Search code examples
biopython

Why does the 'join' method for Seq object in Biopython not work on the last element of a list?


The code below is from the Biopython tutorial. I intend to add 'N5' after every contig. Why is the trailing N10 not present after the third contig "TTGCA"?

from Bio.Seq import Seq 
contigs = [Seq("ATG"), Seq("ATCCCG"), Seq("TTGCA")] 
spacer = Seq("N"*10) 
spacer.join(contigs) 
output
Seq('ATGNNNNNNNNNNATCCCGNNNNNNNNNNTTGCA')

expected output
Seq('ATGNNNNNNNNNNATCCCGNNNNNNNNNNTTGCANNNNNNNNNN')

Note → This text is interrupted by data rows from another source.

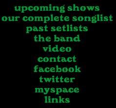 LinksMyspaceTwitterFacebookContactVideoThe BandPast ShowsOur Complete SonglistUpcoming Shows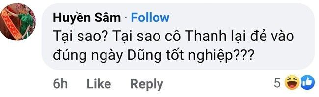 Nữ diễn viên Huyền Sâm thủ vai cô giáo Thanh hài hước đùa rằng vì nhân vật này đi đẻ nên mới vắng mặt ở tập cuối.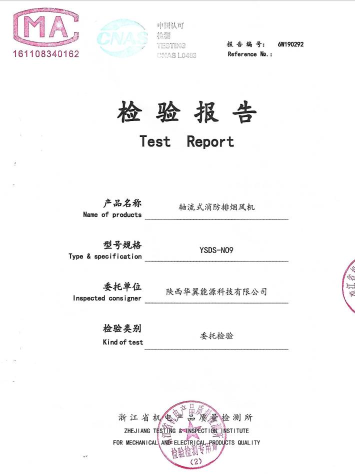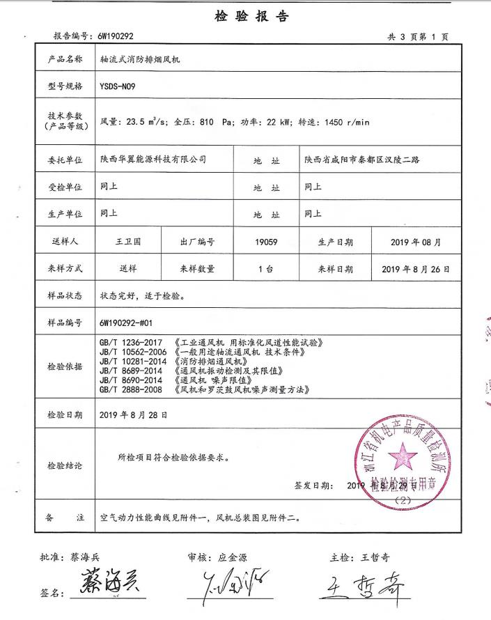 軸流式消防排煙風機檢驗報告

Doesn't the index in Python and Biopython both begin with 0?

Thank you


Solution

  • This has nothing to do with biopython.

    This is just how string.join works:

    configs = ["ATG", "ATCCCG", "TTGCA"] 
    spacer = "N"*10 
    spacer.join(configs) 
    

    Result: ATGNNNNNNNNNNATCCCGNNNNNNNNNNTTGCA

    As it should - according to help(str.join):

    join(self, iterable, /) Concatenate any number of strings.

    The string whose method is called is inserted in between each given string. The result is returned as a new string.

    Example: '.'.join(['ab', 'pq', 'rs']) -> 'ab.pq.rs'